Natürlich muss man gelegentlich Kompromisse eingehen, das weiß jeder der schon mal ein Gewässer Privat oder für einen Verein/Verband gepachtet hat. Da gibts tausend Beispiele wo man sich mit Anwohnern, Waldbesitzern, Naturschutzverbänden, Jägern, Imkern, Eisstockschützen, Landwirten etc. irgendwie einigen muss. 

Das wird von Anglern, wenn nachvollziehbar begründet, in der Regel auch akzeptiert. 

Aber das kann doch für einen "normal" denkenden Angler/Menschen keine Rechtfertigung sein pauschal an ALLEN Gewässern das Nachtangeln zu verbieten, wie es ja z.B. in Ba-Wü der Fall ist oder siehst du das anders?


----------



## Thomas9904 (12. November 2010)

*AW: Lässt der VDSF die Fusion bewusst platzen? Konstruktiver Vorschlag zur Fusion!*



			
				Rumpel schrieb:
			
		

> Du hast die Bayern vergessen die sich dann aber wieder dagegen ausgesprochen haben und es nun den Fischereibehörden überlassen ob sie es erlauben oder nicht.


Und der oberbayerische Verband das Nachtangelverbot trotz Gesetzesänderung immer noch als Verbandsrichtlinie hat (ein Regionalverband in Bayern jedenfalls, ich glaube die Oberbayern..)...



			
				Rumpel schrieb:
			
		

> Nehmen wir die Bayern, ratzfatz ist man ausgetreten und die Anglerschaft gesplittet.

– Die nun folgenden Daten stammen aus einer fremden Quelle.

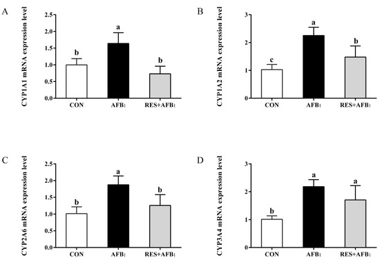 The mRNA expression levels of the CYP enzymes CYP1A1, CYP1A2, CYP2A6, and CYP3A4 were increased in the AFB1 group compared with those of the CON group (p < 0.05). However, in the group of RES+ AFB1, the mRNA levels of the CYP1A1, CYP1A2 and CYP2A6 genes (p < 0.05) were inhibited compared with those in the AFB1 group. Compared with the CON group, there was no significant change in the mRNA expression levels of CYP1A2 and CYP2A6. (Figure 1).

Wenn dafür der Rest Deutschlands vernünftige Landesanglerverbände UND dann auch einen vernünftigen Bundesverband bekommen würde, wäre das nicht das schlechteste in meinen Augen.. Und Saarland und B-W auch gleich mit raus, mit deren anglerfeindlichen Forderungen..
*Und genau solche angelpolitischen Vorgaben erwarte ich von einem Bundesverband - sonst brauchts nämlich keinen, wenn die Landesverbände eh tun (können), was sie wollen....*


			
				Rumpel schrieb:
			
		

> Der Dachverband wird einen Teufel tun und hier etwas diktieren,


Wenn im Dachverband als Organsiation der Landesverbände mit Stimmenmehrheit beschlossen werden würde, dass man eben gegen Nachtangelverbote, gegen Rückwurfverbvote, für Setzkescher etc. einzutreten hat, dann haben das demokratisch legitimiert auch *ALLE angeschlossenen Landesverbände* zu tun - Oder sie gehören dann nicht eh mehr dazu, wenn sie solch demokratisch legitimierten Vorgaben des Dachverbandes nicht beachten würden (in meinen Augen gehören solche Landesverbände, die sowas vertreten, wegen anglerfeindlicher Umtriebe eh ausgeschlossen (verbandsschädigendes Verhalten))... 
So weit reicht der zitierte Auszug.